Gaullic abandon

It was a hot, sunny and humid day yesterday, so of course I set out for a ride. I remembered to take plenty of water and electrolyte solution this time, though so Sue was OK with me getting out. Actually I think that sometimes she wants me out of her hair during the day, which means I can usually get her to ignore the fact that I’m playing hooky. I was thinking about this month’s challenge and I thought I might deviate a little from the usual routine to show you nice people something even older than the Roman city I visited. Here then is:

A pile of rocks! But its not just any pile of rocks, oh no, this is a historic pile of rocks. Actually the pile in the picture is but a small part of a much larger collection of rocks which is mostly covered with vegetation and that you can make out as a sort of hillock continuing into the background. The archaeologists tell us that these rocks are the remains of an oppidum, or hill-fort of the Eduens, a gallic tribe. Now why is that important, you might ask? Its significant because theses very same Eduens were the gauls that Julius Caesar used as both allies and pretext for his gallic wars. Caesar’s strategy in Gaul was essentially divide and conquer, and the Eduans were in perpetual war with their neighbors to the north, the Lingons. This hill fort was probably built to shelter the local population from Lingon raids, and its remains show that it was large enough to hold quite a large population complete with their livestock. Originally the walls would have been built of timber cribs filled with rocks, the murus gallicus that Caesar describes so well in his book. I suspect that Caesar himself never saw these rocks as he is not known to have passed this way. He did spend the winter of 53-52BCE in the city of the Eduans, but that has been conclusively identified as Bibract near the modern city of Autun. This site is just on the outskirts of Beaune, which itself is built on the ancient (Roman) city of Belenum. With the installation of the roman presence and the pax romanum, there was no longer a need for the fort and the citizens settled down to a life of villae and running water and baccanals.

My ride was rather more banal than Caesar’s. I rode south of Beaune to Meursault and a coffee stop at my friend Regis’ shop, and then to Puligny Montrachet for lunch in the local bistro. After lunch the heat started getting intense, so I rode the six kilometers to Chagny and took the train home.

 

Old fogy from France. Rides bikes and eats.
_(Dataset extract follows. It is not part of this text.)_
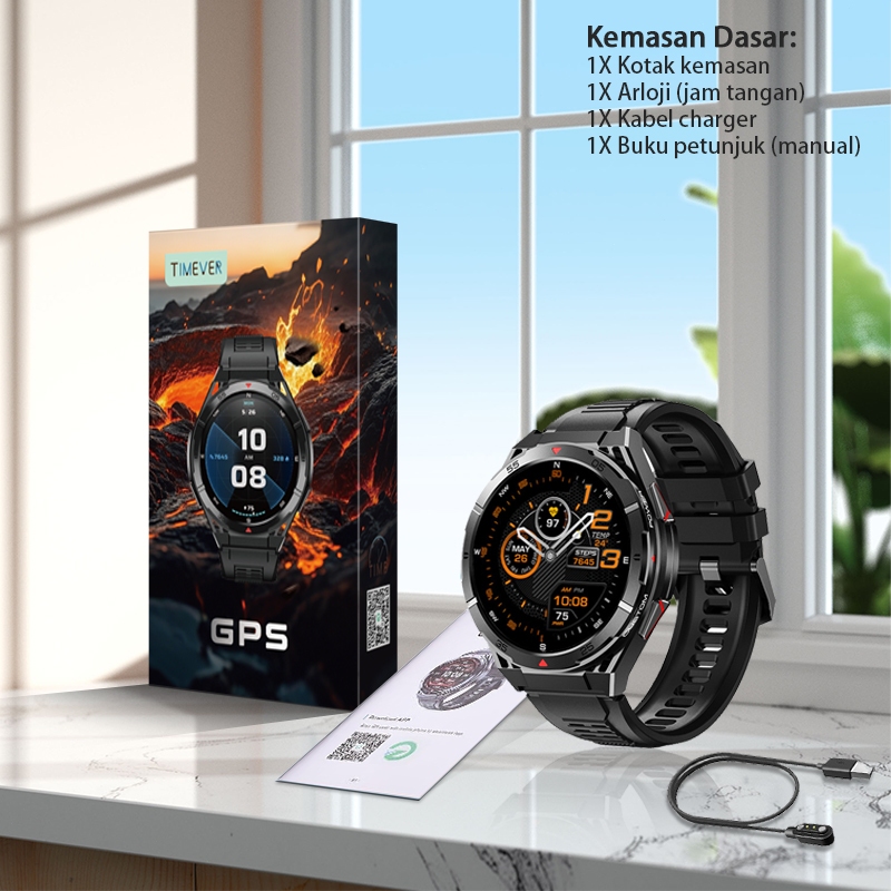 TIMEVER TR2 5ATM Built-in GPS Track Map Route Back AOD jam tangan pintar Pressure Altitude Compass Military Super Smartwatch Waterproof Explorer

9 response to "Gaullic abandon"

  1. By: Lednar De Nalloh Posted: July 19, 2018

    I’m overdue for a bacchanal

    • By: Bikerdockeith Posted: July 19, 2018

      Me too. My place or yours?

  2. By: Bill Stone Posted: July 19, 2018

    All right, but apart from villae, running water, and bacchanals, what have the Romans ever done for us?

        • By: gregblood Posted: July 21, 2018

          I make the world’s best salsa from Roma tomatoes.

          And without those Roman Numerals, how could there ever be a great title for a movie sequel? “Part 2” isn’t as classy as “Part II,” and “Redux” is too pretentious.

          • By: Bikerdockeith Posted: July 22, 2018

            Ah, yes, but “redux” is Latin. “Tutti galli en tres partes est” : All Gaul is quartered into three halves- J. Caesar.

            Cheers,
            Keith

  3. By: gregblood Posted: July 25, 2018

    “All Gaul is quartered into three halves.”

    Julius Caesar appears to have been influenced by the great Yogi Berra. Or was it the other way around?